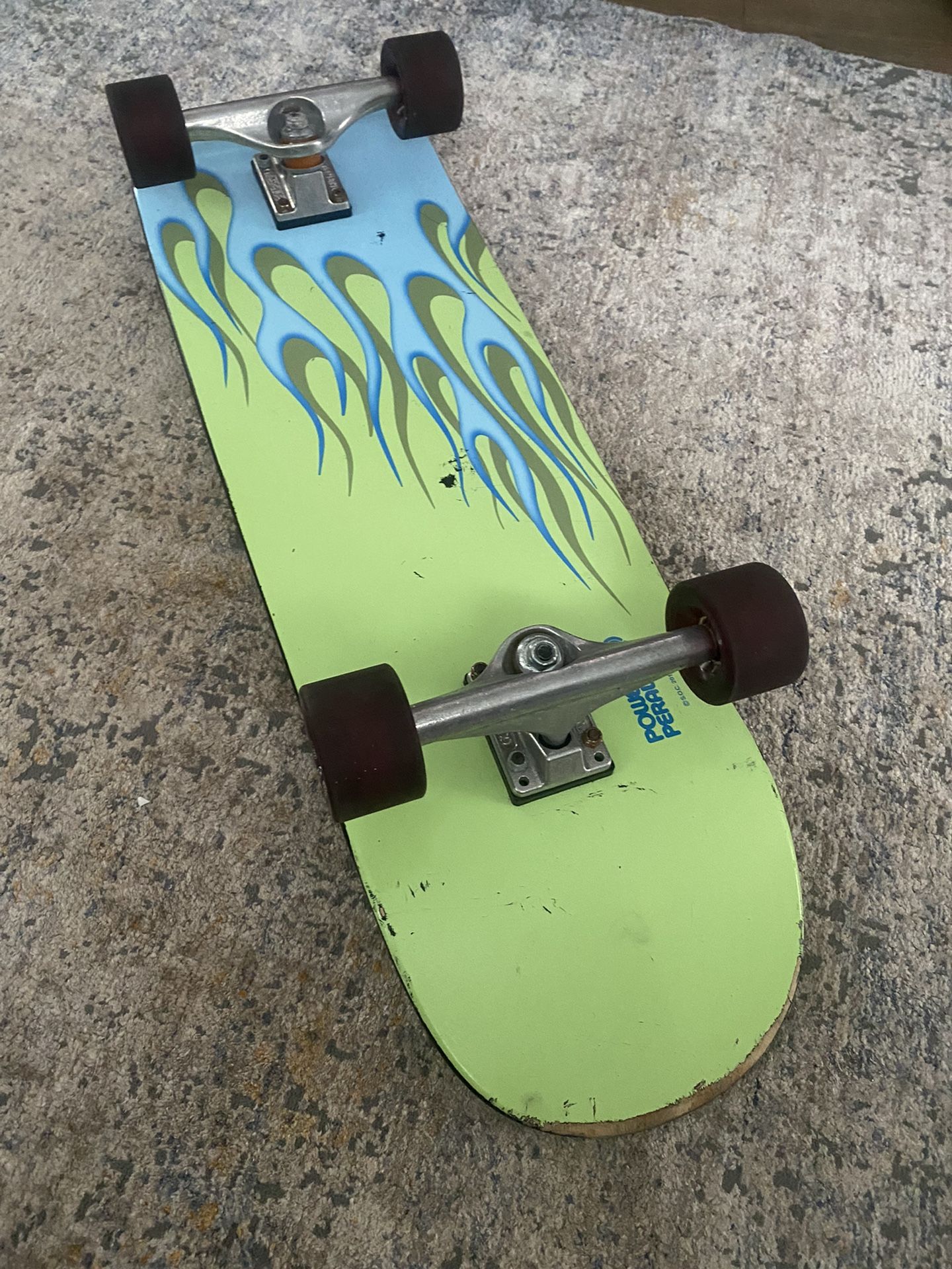 Powell/Peralta 90’s reissue board! Very good Condition Indy 171 trucks Hubbed bones wheels 63mm 80dur Bones red’s bearings Risers, clear grip tape! All custom Board is 33” x 9” A very Unique Board for the Vintage rider or larger Individual Risers
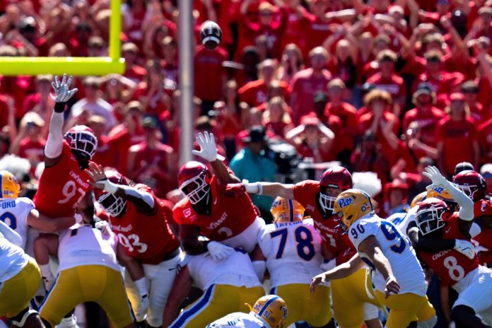 The Bearcats had a chance to seal the game with a defensive stop on third-and-4 from the Pittsburgh 26, but delay of game was called on defensive lineman Kam Wilson, giving the Panthers new life.
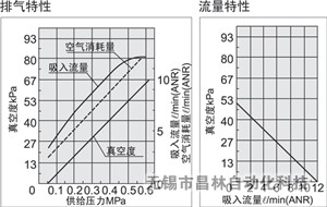 排氣特性/流量特性圖標(biāo)(供給壓力在0.45MPa的情況下)
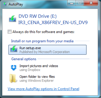 Ubacite WINDOWS 8 instalacioni disk u DVD uređaj. Ako računar ne pokrene automatski DVD pomoću opcije AutoPlay (Slika 1.), otvorite Explorer, izaberite DVD disk i pokrenite program setup.exe.
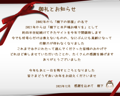 最近は開店休業状態の我がサイト、いよいよ閉鎖することにしましたが、時々こちらへ顔を出させて頂きたいと思ってますので宜しくお願い致します。
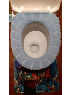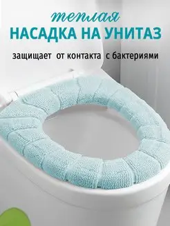 Мягкая накидка на сиденье на унитаз Теплый чехол. Синий
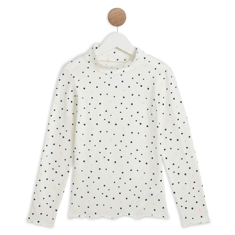 En savoir +Les filles sont stylées et confortables au quotidien avec ce t-shirt manches longues imprimé de pois bicolores ! On aime le motif le col montant qui protège du vent et les finitions ondulées aux manches et à la base. Ce t-shirt n'a pas d'étiquette dans le cou pour plus de douceur.
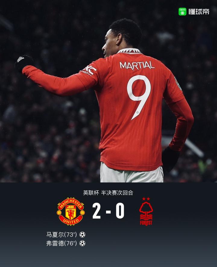 【英联杯曼联2-0诺丁汉森林,总比分5-0晋级决赛,马夏尔破门】
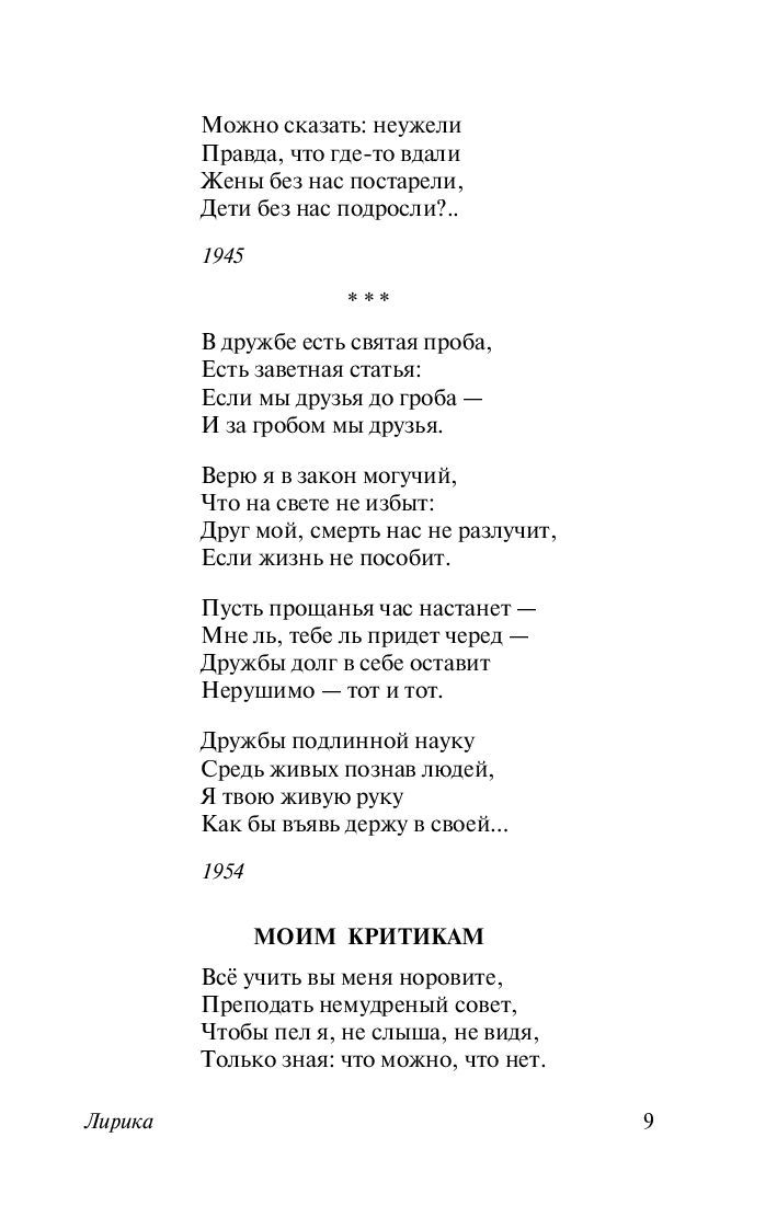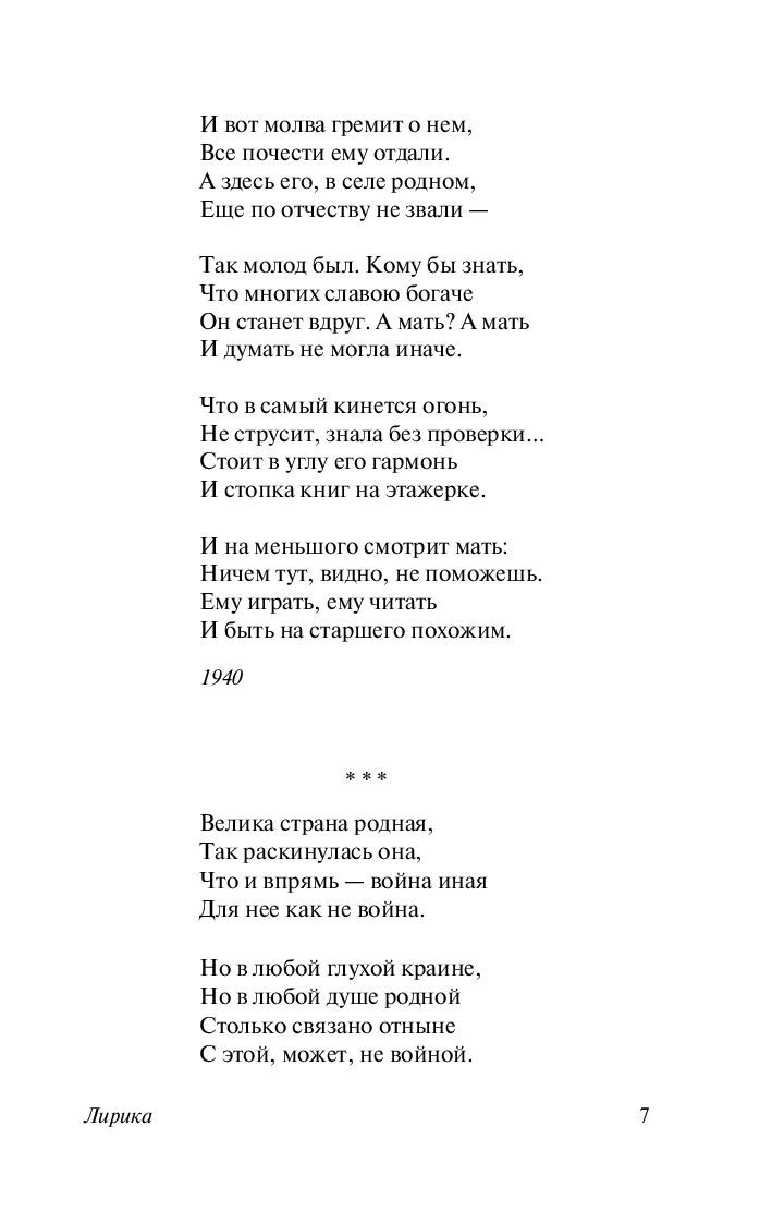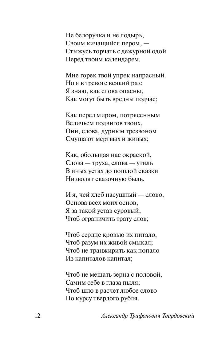 В сборник также вошли стихотворения разных лет – преимущественно поздняя лирика Твардовского, его осмысление жизни и творческого пути.
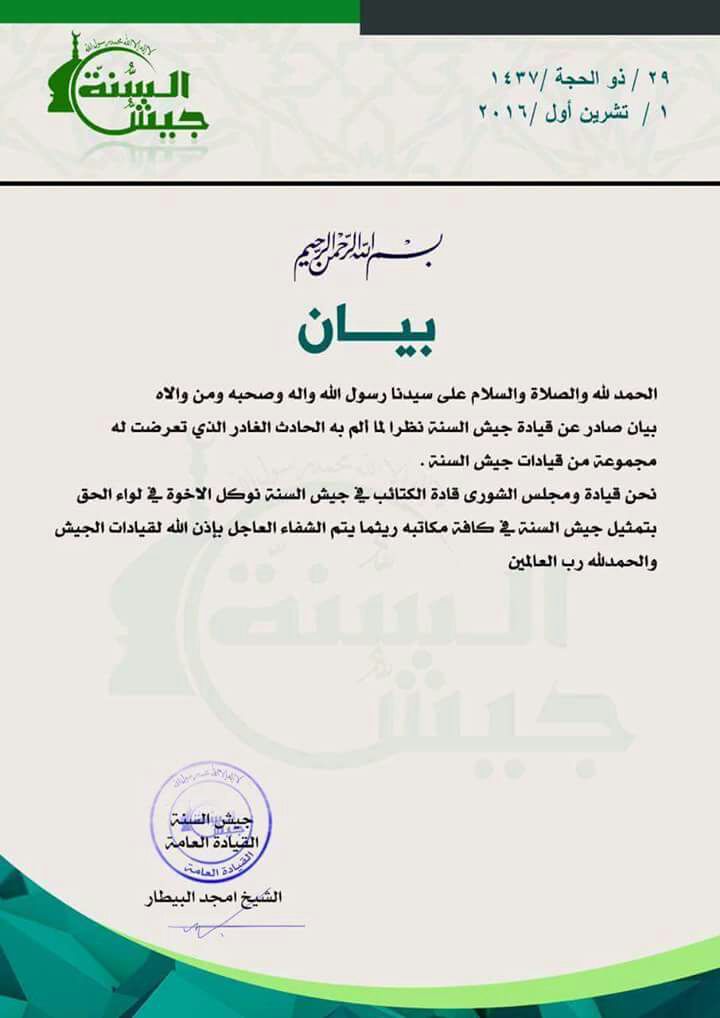 جيش السنة يفوض لواء الحق بتمثيل الفصيل ريثما يتم التعامل مع الخلافات الداخلية
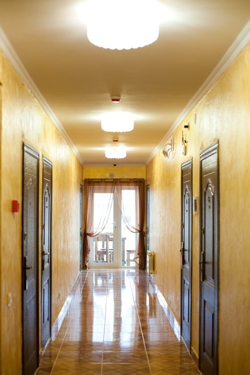 Внутри все чисто аккуратно, матрац хороший,холодильник чайник все есть, есть столовая за отд плату, либо за сутки предупреждаете о том что будите кушать, есть мангальная зона, единственное у нас был номер с боковым балконом, балкон очень маленький, и если кто то будет жарить шашлык внизу и ваши вещи будут висеть сушиться, то дым от мангала обязательно пропитает вещи, вода в душевой серная присутствует запах и слабый напор, а в целом отель рекомендую. Да ещё немного неудобно было большой пластиковый стол котоый приходилось двигать тк он либо мешал выйти на балкон либо мешал просмотру тв если лежишь на кровати, стол надо наверное какой то поменьше типо журнального, чтоб можно было перекусить и что он мешал.
····················
Reproduce the preceding material exactly, skipping pictures.

 Powell/Peralta 90’s reissue board! Very good Condition Indy 171 trucks Hubbed bones wheels 63mm 80dur Bones red’s bearings Risers, clear grip tape! All custom Board is 33” x 9” A very Unique Board for the Vintage rider or larger Individual Risers
 The Bearcats had a chance to seal the game with a defensive stop on third-and-4 from the Pittsburgh 26, but delay of game was called on defensive lineman Kam Wilson, giving the Panthers new life.
 排氣特性/流量特性圖標(biāo)(供給壓力在0.45MPa的情況下)
 Ubacite WINDOWS 8 instalacioni disk u DVD uređaj. Ako računar ne pokrene automatski DVD pomoću opcije AutoPlay (Slika 1.), otvorite Explorer, izaberite DVD disk i pokrenite program setup.exe.
 最近は開店休業状態の我がサイト、いよいよ閉鎖することにしましたが、時々こちらへ顔を出させて頂きたいと思ってますので宜しくお願い致します。
 Мягкая накидка на сиденье на унитаз Теплый чехол. Синий
 En savoir +Les filles sont stylées et confortables au quotidien avec ce t-shirt manches longues imprimé de pois bicolores ! On aime le motif le col montant qui protège du vent et les finitions ondulées aux manches et à la base. Ce t-shirt n'a pas d'étiquette dans le cou pour plus de douceur.
 【英联杯曼联2-0诺丁汉森林,总比分5-0晋级决赛,马夏尔破门】
 В сборник также вошли стихотворения разных лет – преимущественно поздняя лирика Твардовского, его осмысление жизни и творческого пути.
 جيش السنة يفوض لواء الحق بتمثيل الفصيل ريثما يتم التعامل مع الخلافات الداخلية
 Внутри все чисто аккуратно, матрац хороший,холодильник чайник все есть, есть столовая за отд плату, либо за сутки предупреждаете о том что будите кушать, есть мангальная зона, единственное у нас был номер с боковым балконом, балкон очень маленький, и если кто то будет жарить шашлык внизу и ваши вещи будут висеть сушиться, то дым от мангала обязательно пропитает вещи, вода в душевой серная присутствует запах и слабый напор, а в целом отель рекомендую. Да ещё немного неудобно было большой пластиковый стол котоый приходилось двигать тк он либо мешал выйти на балкон либо мешал просмотру тв если лежишь на кровати, стол надо наверное какой то поменьше типо журнального, чтоб можно было перекусить и что он мешал.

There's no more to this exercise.